DATASET RECORDS >>
▶

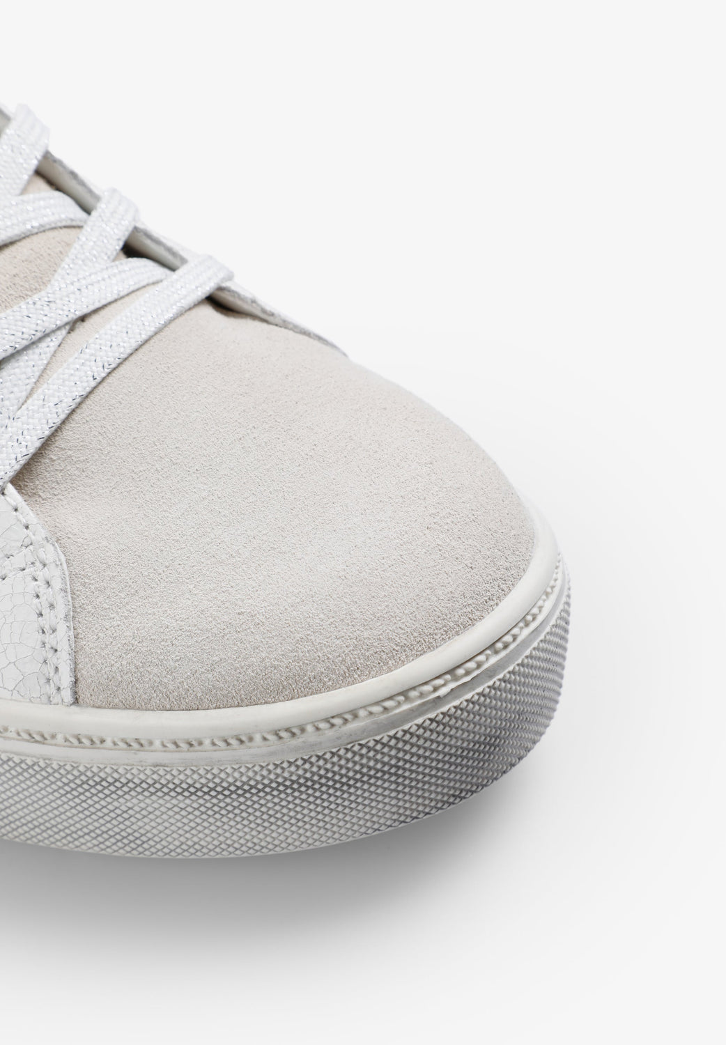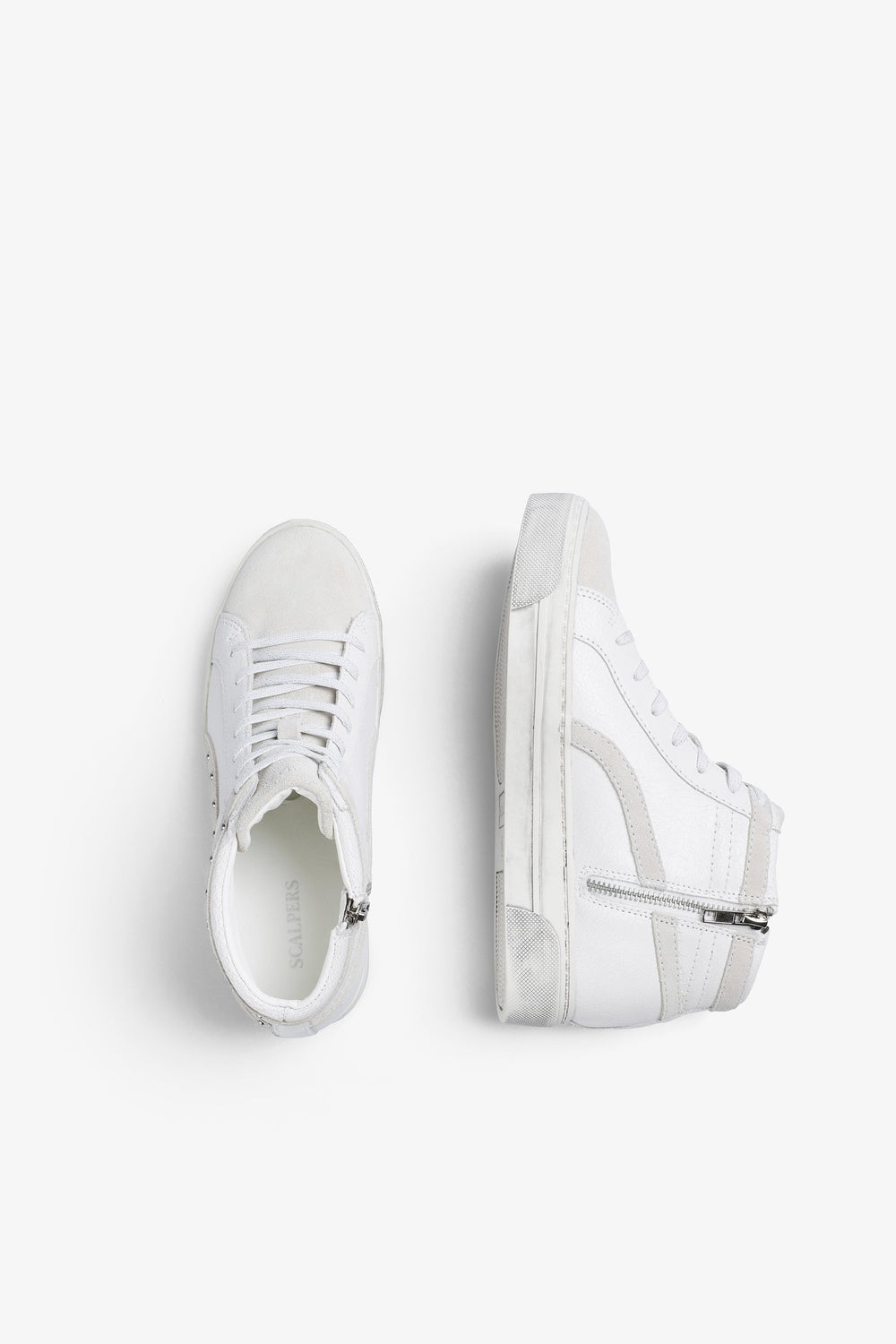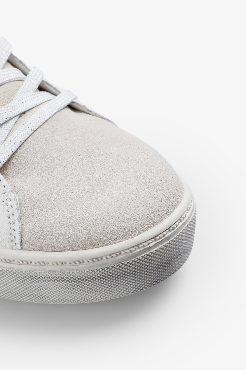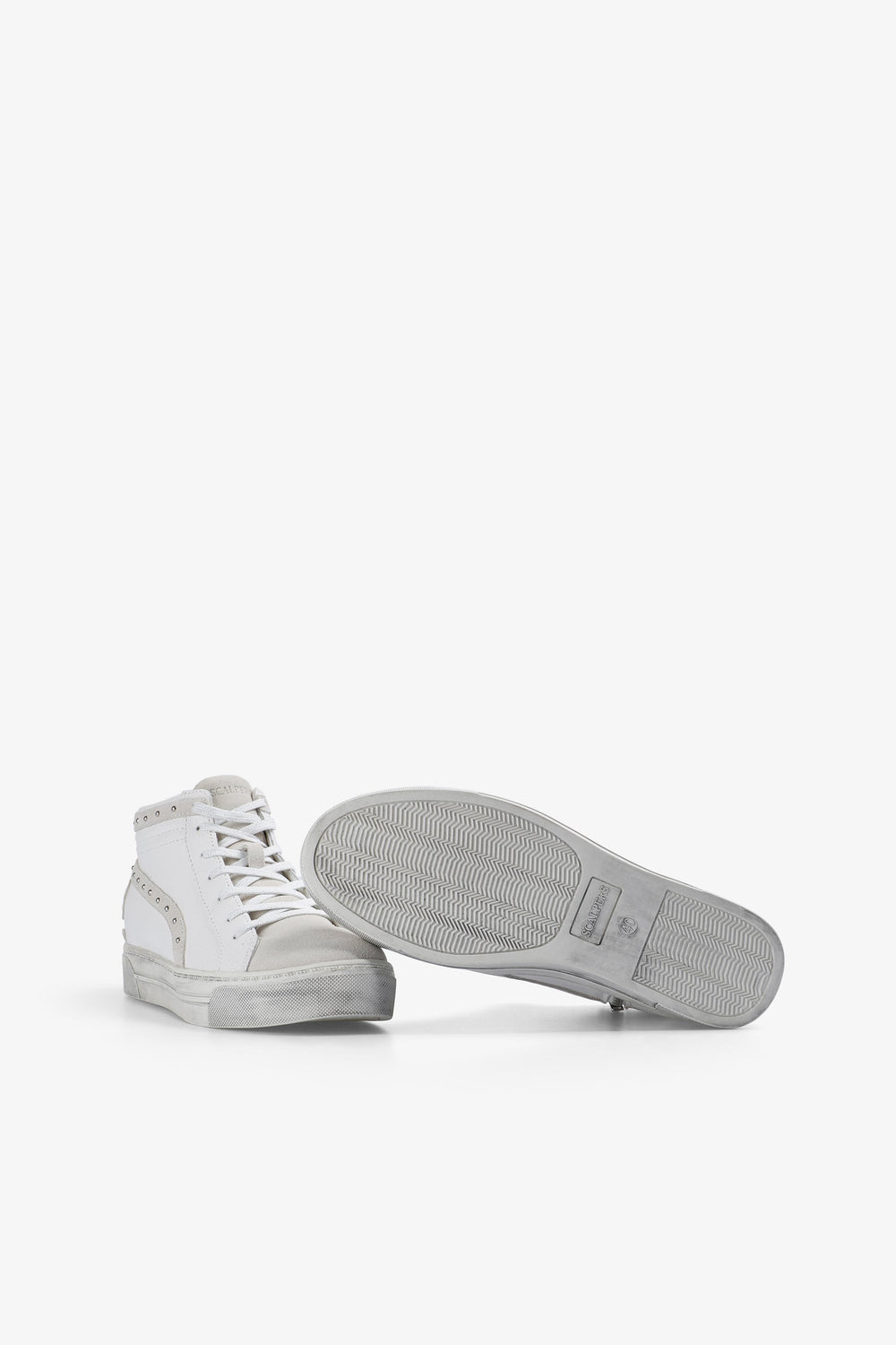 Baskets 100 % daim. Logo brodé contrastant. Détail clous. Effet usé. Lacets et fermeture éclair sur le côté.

◀
▶

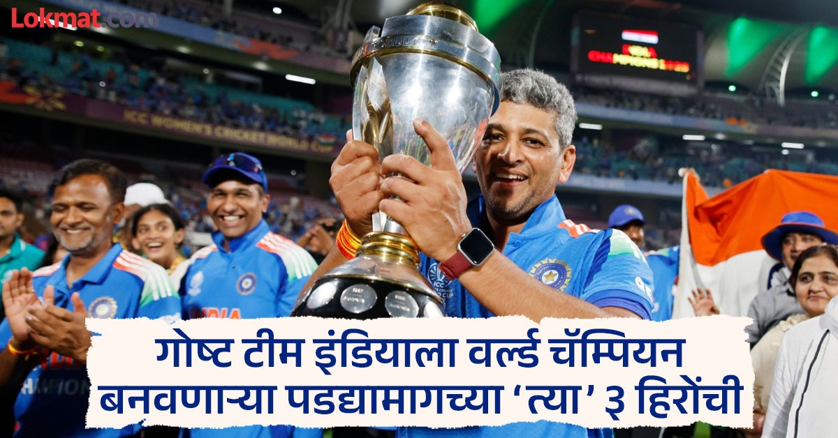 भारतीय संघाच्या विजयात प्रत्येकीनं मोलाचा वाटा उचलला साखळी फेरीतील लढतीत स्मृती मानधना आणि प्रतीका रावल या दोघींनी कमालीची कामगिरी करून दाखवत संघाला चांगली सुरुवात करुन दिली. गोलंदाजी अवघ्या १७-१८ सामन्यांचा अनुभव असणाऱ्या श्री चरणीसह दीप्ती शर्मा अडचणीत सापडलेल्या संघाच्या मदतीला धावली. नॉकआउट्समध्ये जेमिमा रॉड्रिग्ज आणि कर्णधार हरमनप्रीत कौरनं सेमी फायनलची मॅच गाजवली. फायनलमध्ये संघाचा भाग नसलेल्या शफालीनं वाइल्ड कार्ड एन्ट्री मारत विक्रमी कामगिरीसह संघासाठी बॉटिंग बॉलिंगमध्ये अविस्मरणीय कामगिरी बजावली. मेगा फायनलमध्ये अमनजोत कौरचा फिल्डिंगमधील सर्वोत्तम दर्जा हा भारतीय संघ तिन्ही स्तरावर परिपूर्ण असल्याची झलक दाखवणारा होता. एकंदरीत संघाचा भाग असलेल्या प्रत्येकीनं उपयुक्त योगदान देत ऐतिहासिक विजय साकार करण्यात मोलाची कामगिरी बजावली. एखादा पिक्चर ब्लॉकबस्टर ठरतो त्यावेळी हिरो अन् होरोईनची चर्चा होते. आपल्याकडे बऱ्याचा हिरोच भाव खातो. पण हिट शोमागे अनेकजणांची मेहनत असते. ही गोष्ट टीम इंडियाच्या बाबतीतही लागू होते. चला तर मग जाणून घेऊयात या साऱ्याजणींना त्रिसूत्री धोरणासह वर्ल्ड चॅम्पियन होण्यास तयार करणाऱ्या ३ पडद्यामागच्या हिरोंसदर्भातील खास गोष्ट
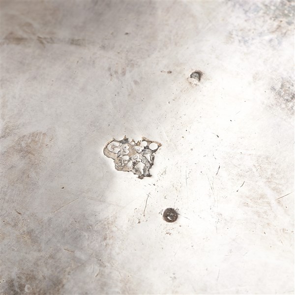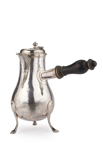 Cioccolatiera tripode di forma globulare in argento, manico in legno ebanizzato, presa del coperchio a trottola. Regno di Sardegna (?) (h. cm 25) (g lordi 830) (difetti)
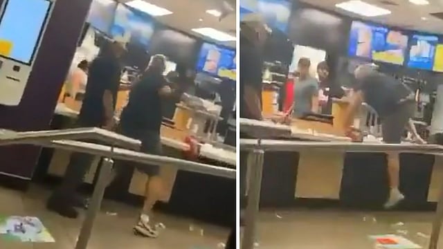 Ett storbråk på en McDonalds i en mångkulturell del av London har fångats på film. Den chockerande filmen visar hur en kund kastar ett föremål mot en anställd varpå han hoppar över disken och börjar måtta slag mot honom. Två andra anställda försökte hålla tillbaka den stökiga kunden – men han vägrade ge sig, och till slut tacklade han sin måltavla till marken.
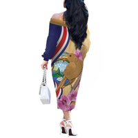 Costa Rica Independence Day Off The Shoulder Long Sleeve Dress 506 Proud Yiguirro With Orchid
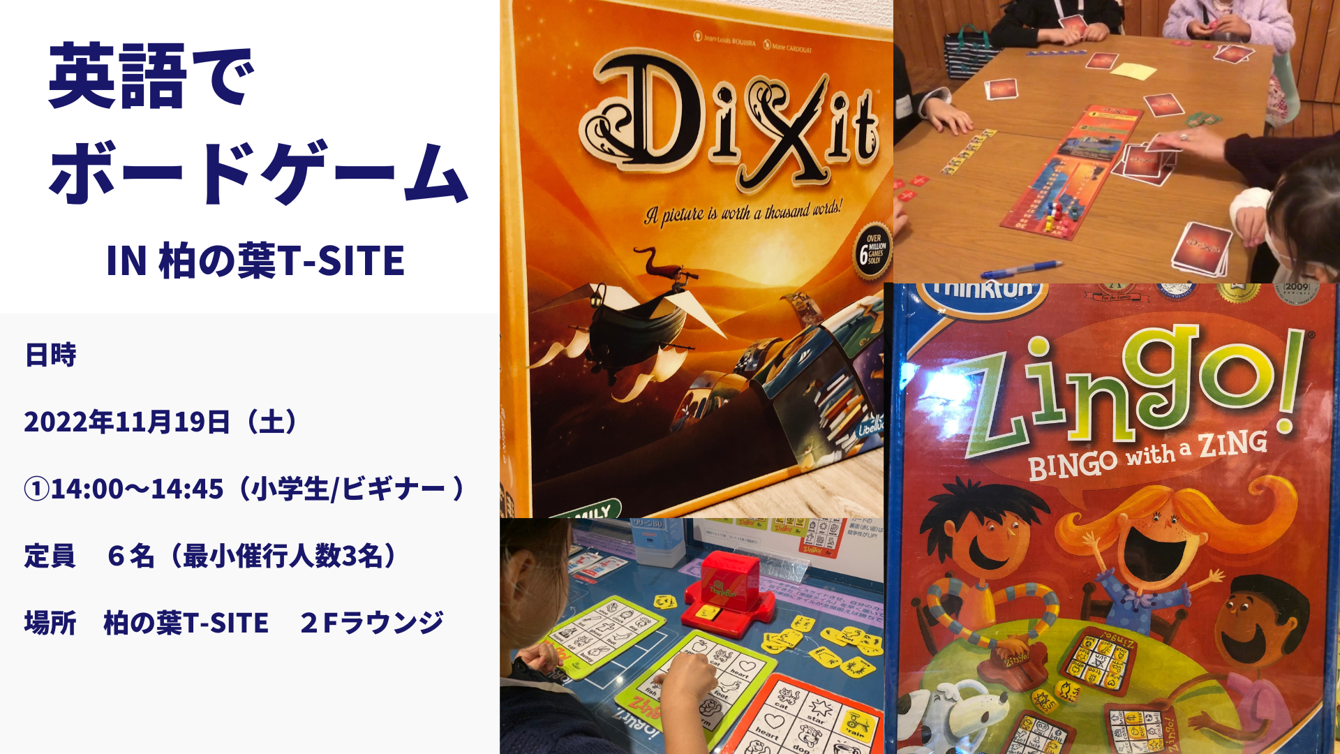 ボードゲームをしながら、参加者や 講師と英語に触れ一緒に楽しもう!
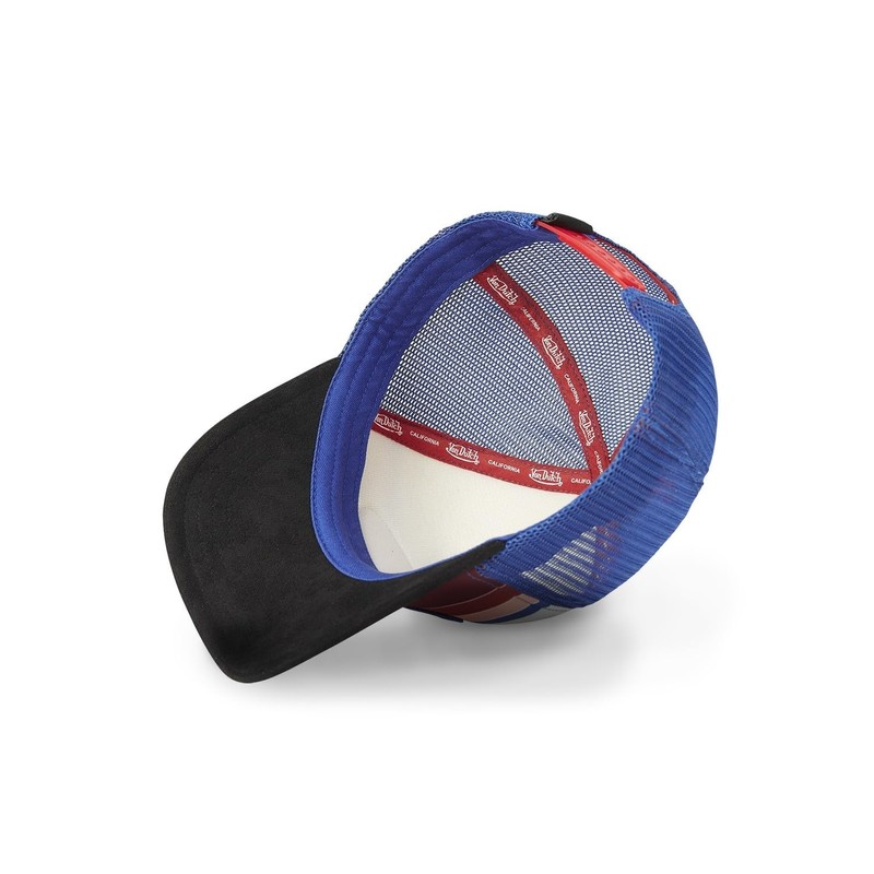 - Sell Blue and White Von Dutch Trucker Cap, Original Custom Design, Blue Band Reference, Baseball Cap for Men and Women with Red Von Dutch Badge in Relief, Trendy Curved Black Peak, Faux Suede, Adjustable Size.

◀
▶

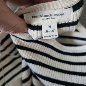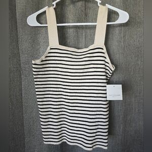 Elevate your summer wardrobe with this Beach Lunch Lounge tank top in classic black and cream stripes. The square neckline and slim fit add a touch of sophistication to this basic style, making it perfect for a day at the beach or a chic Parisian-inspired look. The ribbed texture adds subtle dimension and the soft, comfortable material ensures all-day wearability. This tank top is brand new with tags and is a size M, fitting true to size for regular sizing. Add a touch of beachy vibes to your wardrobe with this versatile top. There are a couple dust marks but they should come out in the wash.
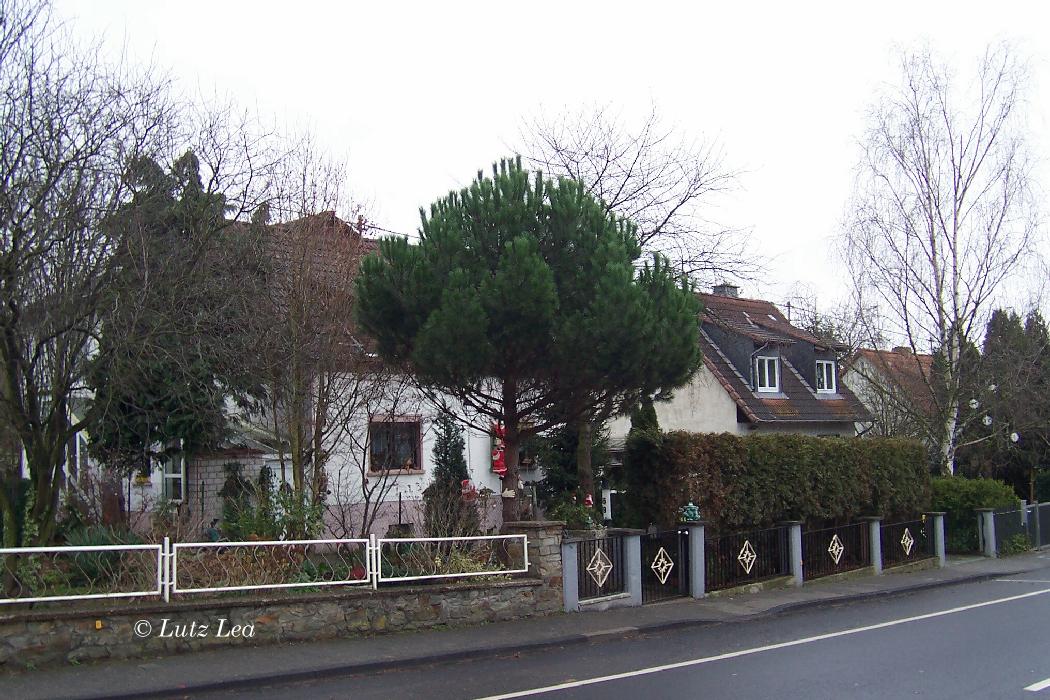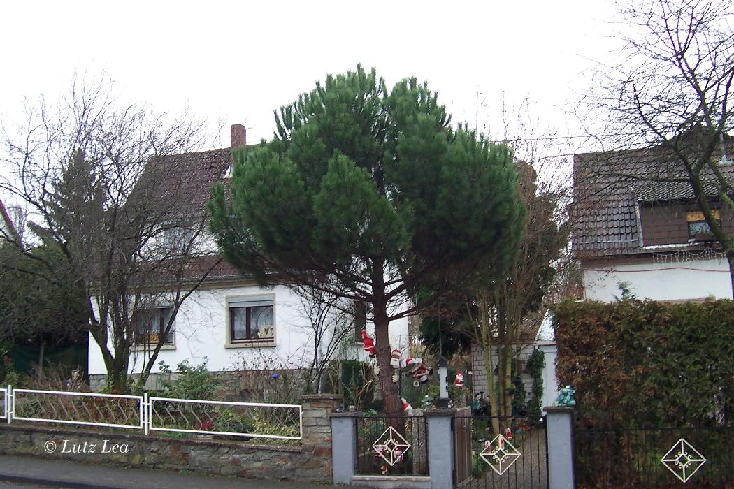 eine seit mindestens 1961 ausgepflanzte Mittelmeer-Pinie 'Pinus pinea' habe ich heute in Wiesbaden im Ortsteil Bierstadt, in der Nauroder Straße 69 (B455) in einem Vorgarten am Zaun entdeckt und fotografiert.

◀

WORK INSTRUCTION >> Above, find the line with "भारतीय संघाच्या विजयात"; copy it and every line down to the line with "ボードゲームをしながら、参加者や 講師と英語に触れ一緒に楽しもう!", exactly and both included, but no pictures.

ANSWER AREA >>
 भारतीय संघाच्या विजयात प्रत्येकीनं मोलाचा वाटा उचलला साखळी फेरीतील लढतीत स्मृती मानधना आणि प्रतीका रावल या दोघींनी कमालीची कामगिरी करून दाखवत संघाला चांगली सुरुवात करुन दिली. गोलंदाजी अवघ्या १७-१८ सामन्यांचा अनुभव असणाऱ्या श्री चरणीसह दीप्ती शर्मा अडचणीत सापडलेल्या संघाच्या मदतीला धावली. नॉकआउट्समध्ये जेमिमा रॉड्रिग्ज आणि कर्णधार हरमनप्रीत कौरनं सेमी फायनलची मॅच गाजवली. फायनलमध्ये संघाचा भाग नसलेल्या शफालीनं वाइल्ड कार्ड एन्ट्री मारत विक्रमी कामगिरीसह संघासाठी बॉटिंग बॉलिंगमध्ये अविस्मरणीय कामगिरी बजावली. मेगा फायनलमध्ये अमनजोत कौरचा फिल्डिंगमधील सर्वोत्तम दर्जा हा भारतीय संघ तिन्ही स्तरावर परिपूर्ण असल्याची झलक दाखवणारा होता. एकंदरीत संघाचा भाग असलेल्या प्रत्येकीनं उपयुक्त योगदान देत ऐतिहासिक विजय साकार करण्यात मोलाची कामगिरी बजावली. एखादा पिक्चर ब्लॉकबस्टर ठरतो त्यावेळी हिरो अन् होरोईनची चर्चा होते. आपल्याकडे बऱ्याचा हिरोच भाव खातो. पण हिट शोमागे अनेकजणांची मेहनत असते. ही गोष्ट टीम इंडियाच्या बाबतीतही लागू होते. चला तर मग जाणून घेऊयात या साऱ्याजणींना त्रिसूत्री धोरणासह वर्ल्ड चॅम्पियन होण्यास तयार करणाऱ्या ३ पडद्यामागच्या हिरोंसदर्भातील खास गोष्ट
 Cioccolatiera tripode di forma globulare in argento, manico in legno ebanizzato, presa del coperchio a trottola. Regno di Sardegna (?) (h. cm 25) (g lordi 830) (difetti)
 Ett storbråk på en McDonalds i en mångkulturell del av London har fångats på film. Den chockerande filmen visar hur en kund kastar ett föremål mot en anställd varpå han hoppar över disken och börjar måtta slag mot honom. Två andra anställda försökte hålla tillbaka den stökiga kunden – men han vägrade ge sig, och till slut tacklade han sin måltavla till marken.
 Costa Rica Independence Day Off The Shoulder Long Sleeve Dress 506 Proud Yiguirro With Orchid
 ボードゲームをしながら、参加者や 講師と英語に触れ一緒に楽しもう!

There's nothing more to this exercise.